[Haskell-cafe] Manual type-checking in graphs: Avoidable?

Kosyrev Serge _deepfire at feelingofgreen.ru
Fri Feb 19 12:06:42 UTC 2016

Jeffrey Brown <jeffbrown.the at gmail.com> writes:
> I use FGL, which (roughly) defines type Gr a b as a graph on nodes of
> type a and edges of type b.
> Suppose you wanted a graph that described which people own which
> hamsters, knowing only their name. You would have to make node and
> edge types like this:
> data GraphNode = Person String | Hamster String
> data GraphEdge = Has
> where the strings represent their names.
> Suppose then you wanted to write a function that, given a person,
> returns the names of all their hamsters.

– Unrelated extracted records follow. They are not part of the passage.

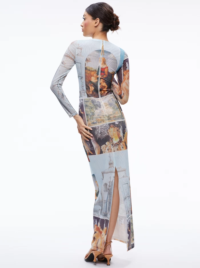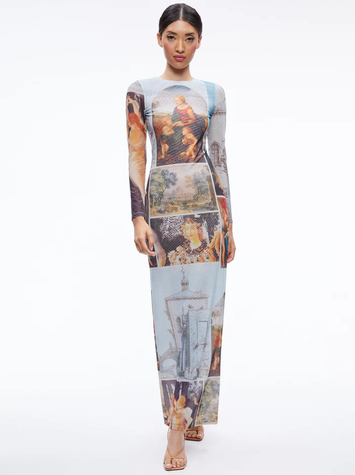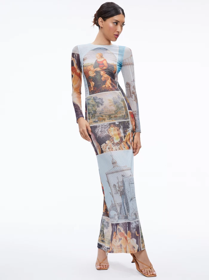 This gorgeous print, called “Sunday Dreaming” was developed exclusively for us-and it’s a wearable work of art. We especially love it when applied to our Delora maxidress in a mesh fabric. Such a unique and special statement piece that you can wear over and over again.
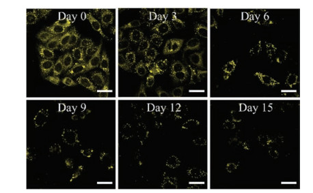 To investigate the non-invasive long-term cellular tracking capability of SCA NPs, we captured fluorescence images at different incubation periods (Fig. 4). HeLa cells were first incubated with SCA NPs for 6 h at 37 ℃ (labeled as day 0). The treated cells were then subcultured for designated time intervals and each sample was detected by CLSM. For each cell passage, the old culture medium was extracted and HeLa cells were washed with PBS twice to remove the existing SCA NPs in the culture medium. At the initial stage (day 0), strong yellow fluorescence from SCA NPs can be clearly observed. With the increase of incubation time (from day 3 to 15), the yellow fluorescence gradually decreases because of cell proliferation, in which SCA NPs divide into daughter cells. Importantly, after 15 days of subculture, the yellow fluorescence from SCA NPs was still clearly observed in HeLa cells, which indicates that SCA NPs can act as fluorescent probes for long-term cellular tracing and imaging. More importantly, this long-term tracking strategy is based on cellular proliferation containing endogenous organic nanoprobes rather than continuous exogenous addition of imaging agents during long-term monitoring. This non-invasive nature makes SCA NPs suitable for potential clinical bio-imaging.
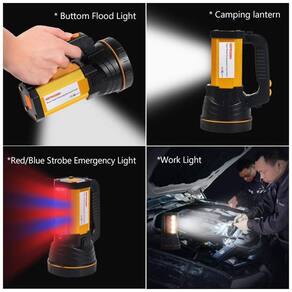 Lanterna Recarregável Brilhante. Mais Funções. Super brilhante lúmens altos lanterna de luz de busca por spot Lanterna lateral de luz de inundação separada Lanterna de luz de inundação lateral separada Recarregável grande bateria alimentada 10000 mah Saída USB para carregar o telefone lidar com o dispositivo portátil carregando alça de ombro pode montar no tripé ou suporte de bicicleta. Lanterna de luz de inundação do lado brilhante separada. Este holofote de lanterna LED também possui luz de inundação lateral extra brilhante, muito brilhante para lâmpada de emergência em casa, luz de trabalho, lanterna de acampamento. Seu modo de luz estroboscópica VERMELHO , AZUL também pode ser como SOS, luz de aviso. Recarregável super brilhante de busca por luz de spot de feixe longo CREE XHP 70.2 recarregável. Refletor de fonte de luz LED de alta potência CREE XHP 70.2 fornece iluminação ultra longa de 800 m, interruptor de modo Brighness High , Low, holofote portátil para barco, marinha, caça, jardim, cachorro ambulante etc. Bateria de lítio 18650 recarregável grande de alta potência incluída. 4 peças 10000 mah e saída USB como banco de potência para carregar o telefone. Proteção múltipla inteligente proteção contra sobrecarga , descarga excessiva pode torná lo ao carregar esta luz de pesquisa portátil. Lanterna de longa duração, alta duração de luz por 10 horas e pouca luz por até 30 horas. Portátil leve apenas 670gr. Maneiras de transporte múltiplo e lanterna à prova dágua IPX6 à prova dágua. Alça superior para facilitar a tomada e desligar. A tocha leve de pesquisa também inclui uma alça de ombro para facilitar o transporte e seu fundo possui um orifício para montagem em tripé ou suporte de bicicleta para liberar as mãos o tripé ou o suporte de bicicleta não estão incluídos no pacote, lanterna IPX6 à prova dágua para barco, marinha, caça, lanterna de acampamento ao ar livre, pesca, reparação de automóveis, pesquisa etc Marca: Não Informado

To make sure the call makes
> sense, the function would have to first check that the input is in
> fact a person. Since persons and hamsters are both constructors of the
> same type, you can't let Haskell's robust, beautiful type-checking
> system distinguish them for you; you've got to write something like
> "case n of Person _ -> True; _ -> False".

I'll allow myself to rephrase what Tom Ellis already said more strongly.

Type systems are tools for making invalid values unrepresentable.

If you find yourself in a situation where a certain solution doesn't
allow you to do that -- keep looking.